Goal of the exercise: Return the data below exactly, please, but drop the pictures.

Data excerpt Block Start

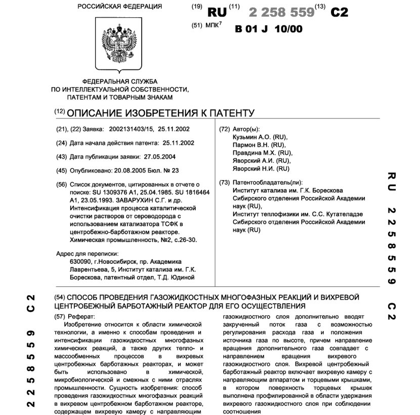 - Пат. 2258559 Российской Федерации, МПК B01J 10/00. Способ проведения газожидкостных многофазных реакций и вихревой центробежный барботажный реактор для его осуществления / Кузьмин А.О., Пармон В.Н., Правдина М.Х., Яворский А.И., Яворский Н.И.; патентообладатели Институт катализа СО РАН, Институт теплофизики СО РАН. - N 2002131403/15; заявл. 25.11.02; опубл. 20.08.05, Бюл. N 23, ч. ІІ. - 14 с.: ил.
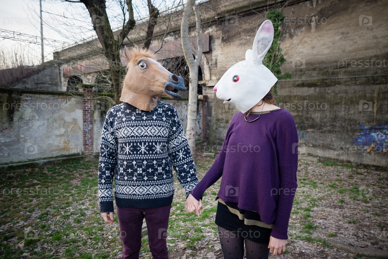 Молодая стильная влюбленная пара на улице
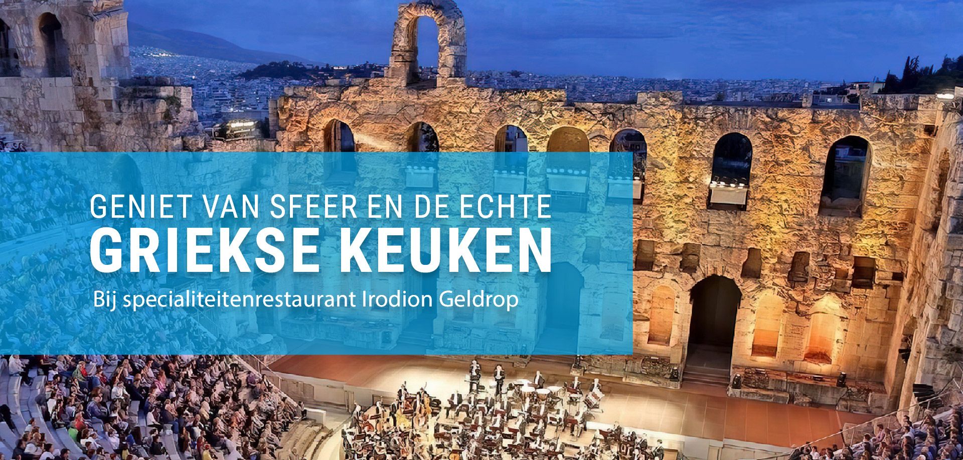 Grieks Restaurant Irodion is sinds jaar en dag een begrip in Geldrop. In een sfeer van Griekse gemoedelijkheid kunt u volop genieten van de vele specialiteiten die ons restaurant rijk is. Een enthousiast team van medewerkers zet zich graag in voor een smakelijke avond, en voorziet in al uw wensen. “Kijk eens om u heen… u waant zich in een authentiek stukje Griekenland op het Brabantse land. Wij wensen u een fantastische, smakelijke en onvergetelijke avond! En dat gaat zeker lukken! ” Met Smakelijke groeten,
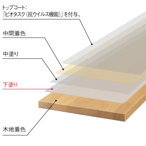 | キャプション | 水がかり配慮仕様について 下塗り工程が追加され、標準仕様よりも硬度が高く、水分が浸み込みにくい表面仕様となります。トップコートは標準仕様と共通なので、抗ウイルス加工も施しています。※全面塗装となります。 |

Data excerpt Block End

Answer section:
 - Пат. 2258559 Российской Федерации, МПК B01J 10/00. Способ проведения газожидкостных многофазных реакций и вихревой центробежный барботажный реактор для его осуществления / Кузьмин А.О., Пармон В.Н., Правдина М.Х., Яворский А.И., Яворский Н.И.; патентообладатели Институт катализа СО РАН, Институт теплофизики СО РАН. - N 2002131403/15; заявл. 25.11.02; опубл. 20.08.05, Бюл. N 23, ч. ІІ. - 14 с.: ил.
 Молодая стильная влюбленная пара на улице
 Grieks Restaurant Irodion is sinds jaar en dag een begrip in Geldrop. In een sfeer van Griekse gemoedelijkheid kunt u volop genieten van de vele specialiteiten die ons restaurant rijk is. Een enthousiast team van medewerkers zet zich graag in voor een smakelijke avond, en voorziet in al uw wensen. “Kijk eens om u heen… u waant zich in een authentiek stukje Griekenland op het Brabantse land. Wij wensen u een fantastische, smakelijke en onvergetelijke avond! En dat gaat zeker lukken! ” Met Smakelijke groeten,
 | キャプション | 水がかり配慮仕様について 下塗り工程が追加され、標準仕様よりも硬度が高く、水分が浸み込みにくい表面仕様となります。トップコートは標準仕様と共通なので、抗ウイルス加工も施しています。※全面塗装となります。 |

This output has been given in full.